I am currently working on iris data in R and I am using knn algorithm for classification I have used 120 data for training and rest 30 for testing but for training I have to specified the value of k but I am not able to understand how I can find the value k
In KNN, finding the value of k is not easy. A small value of k means that noise will have a higher influence on the result and a large value make it computationally expensive. Data scientists usually choose as an odd number if the number of classes is 2 and another simple approach to select k is set k=sqrt(n).
Hope this helps!
# k-NN using caret: library(ISLR) library(caret) # Split the data: data(iris) indxTrain <- createDataPartition(y = iris$Sepal.Length,p = 0.75,list = FALSE) training <- iris[indxTrain,] testing <- iris[-indxTrain,] # Run k-NN: set.seed(400) ctrl <- trainControl(method="repeatedcv",repeats = 3) knnFit <- train(Species ~ ., data = training, method = "knn", trControl = ctrl, preProcess = c("center","scale"),tuneLength = 20) knnFit #Use plots to see optimal number of clusters: #Plotting yields Number of Neighbours Vs accuracy (based on repeated cross validation) plot(knnFit)
This shows 5 has the highest accuracy rate, so the value of k is 5.
Hi Vibhu Can you please explain repeats and tuneLength parameter here?
You can apply elbow method to find out k. We have sjPlot package in R to do this quick. Syntax is simple. sjc.elbow(dataframe) will plot the graph.
The k value where there is bent in the graph tells you how many clusters are there.
Suppose for iris data set
df = iris[-5]
From the graph, we can say that bent is at 2. So, number of clusters equals 2.
Check out this article for a nice explanation about KNN and how to choose the right k value
Hope this helps,
- ctrl <- trainControl(method=“repeatedcv”,repeats = 3)
This is the train control fucntion of Caret package. Here we choose repeated cross validation. Repeated 3 means we do everything 3 times for consistency. The number of folds here is omitted, and indicates in how many parts we split the data.
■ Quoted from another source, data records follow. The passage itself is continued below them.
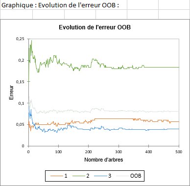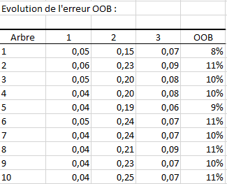 Le dernier tableau affiche l’évolution de l’erreur OOB en fonction du nombre d’arbres. La ligne i du tableau correspond à l’erreur OOB commise en prenant en compte tous les arbres jusqu’au i -ème. En plus de l’erreur OOB on a aussi une colonne par modalité représentant l’évolution de l’erreur commise sur chacune des modalités de la variable réponse.
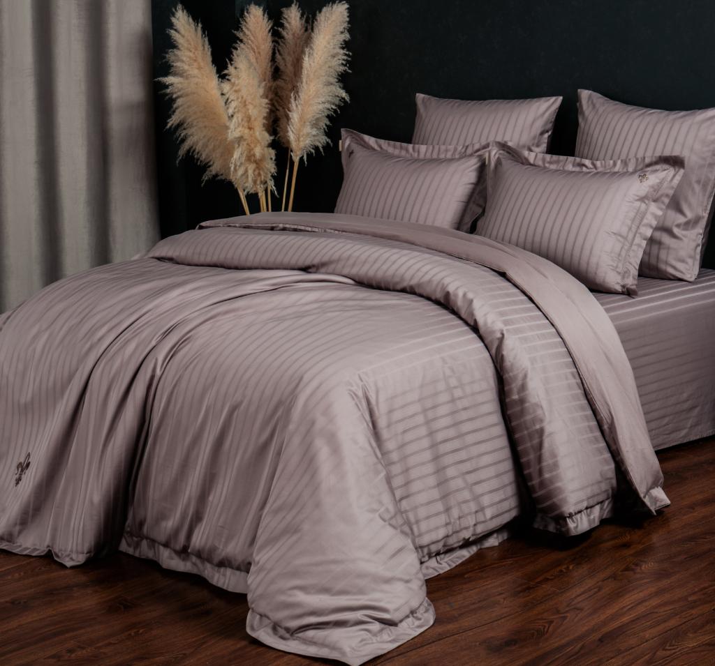 Постельное белье "Kazanov.A." Stripe Le-Man (капучино орхидея) Страйп Сатин, Евро
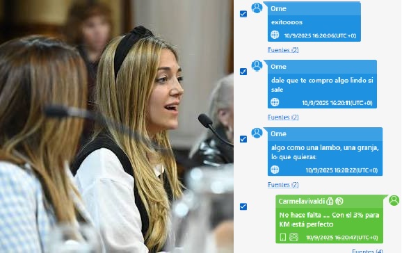 De acuerdo a los documentos consultados por Infobae, Ornella Calvete avisó a su padre, Miguel Ángel Calvete, sobre la presencia de la policía en la planta baja de su vivienda el 12 de septiembre de 2025. Mediante un mensaje, le expresó: “No sé si es por el cabeza de rodilla o qué”. Apenas intercambiaron saludos, la funcionaria señaló que se trató de una falsa alarma, aunque continuó la charla refiriéndose a stickers y bromas personales. En el mismo diálogo, el padre le aconsejó seguir instrucciones y abordó temas vinculados a la situación financiera de la firma INDECOM y la disponibilidad de “cash blanco”. El dictamen fiscal mostró que, en esa conversación, Miguel Ángel Calvete sugirió qué responder si le preguntaban por el dinero: “por si entran acá y me ven con mossca” o “digo que me lo prestó alguien, olvidate”.
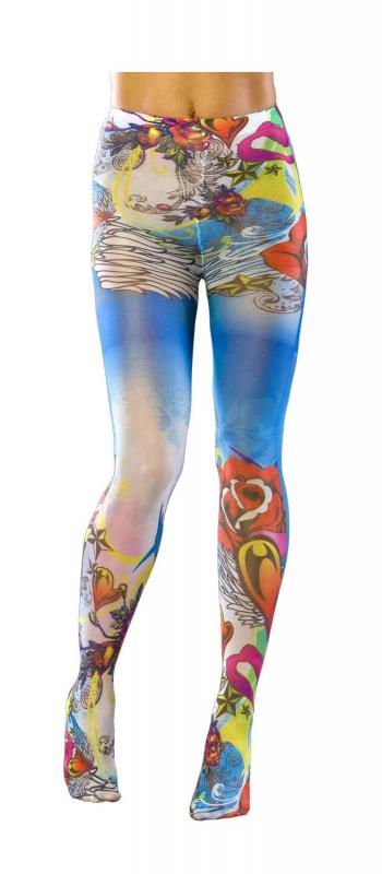 Damen Hippy Strumpfhose,blau-bunt.
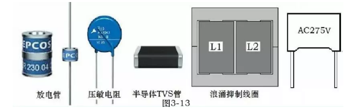 、氧化鋅壓敏電阻、半導體閘流管(TVS)、浪涌抑制電感線圈、X類浪涌抑制電容等,各種器件要組合使用。
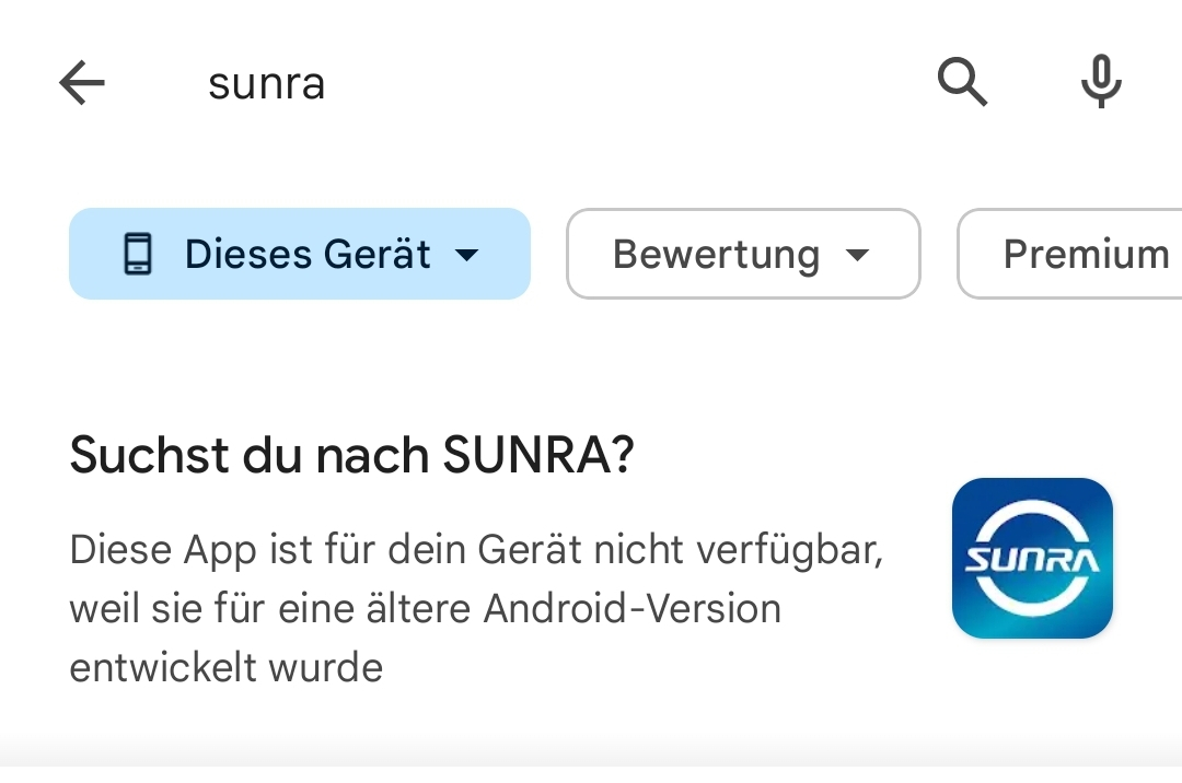 Ich habe das Samsung S22 Ultra. Anscheinend ist der SunraApp mein Handy zu neu 🙄

The default is 10 folds. In my opinion for roughly 100 samples in this case 10 fold is too high (we only validate ~10 samples each time!). I would suggest using 3CV or 5 CV:
trainControl( method = “repeatedcv”, number = 3, repeats = 5, classProbs = TRUE)
- knnFit <- train(Species ~ ., data = training, method = “knn”, trControl = ctrl, preProcess = c(“center”,“scale”),tuneLength = 20)
In the Caret train function you can specify tuneLength, which is a parameter that uses the parameter(s) default. This is a Caret feature.I think that for kNN, it starts in k=5 and it continues in increments of 2: k = 5, 7, 9, 11, etc… When the cross validation is performed, caret displays the best option for all the parameter values tested.
Hope this helps
It is inappropriate to say which k value suits best without looking at the data. If training samples of similar classes form clusters, then using k value from 1 to 10 will achieve good accuracy. If data is randomly distributed then one cannot say which k value will give the best results. In such cases, you need to find it by performing an empirical analysis.
Rather than focusing on finding suitable k value, use some techniques like SVD and PCA to transform the data. Then believe me KNN or SVM can classify the data very efficiently.
set.seed(123) ctrl=trainControl(method = "cv",number=3) knnfit=train(default.payment.next.month ~., data=training_set, method="knn", preProcess = c("center","scale"), trcontrol=ctrl, tuneLength=5)
Something is wrong; all the Kappa metric values are missing:
Min. : NA Min. : NA
1st Qu.: NA 1st Qu.: NA
Median : NA Median : NA
Mean :NaN Mean :NaN
3rd Qu.: NA 3rd Qu.: NA
Max. : NA Max. : NA
NA’s :1 NA’s :1
can any one help me with this ?
In this case, isn’t it advisable or prudent to choose 4 instead?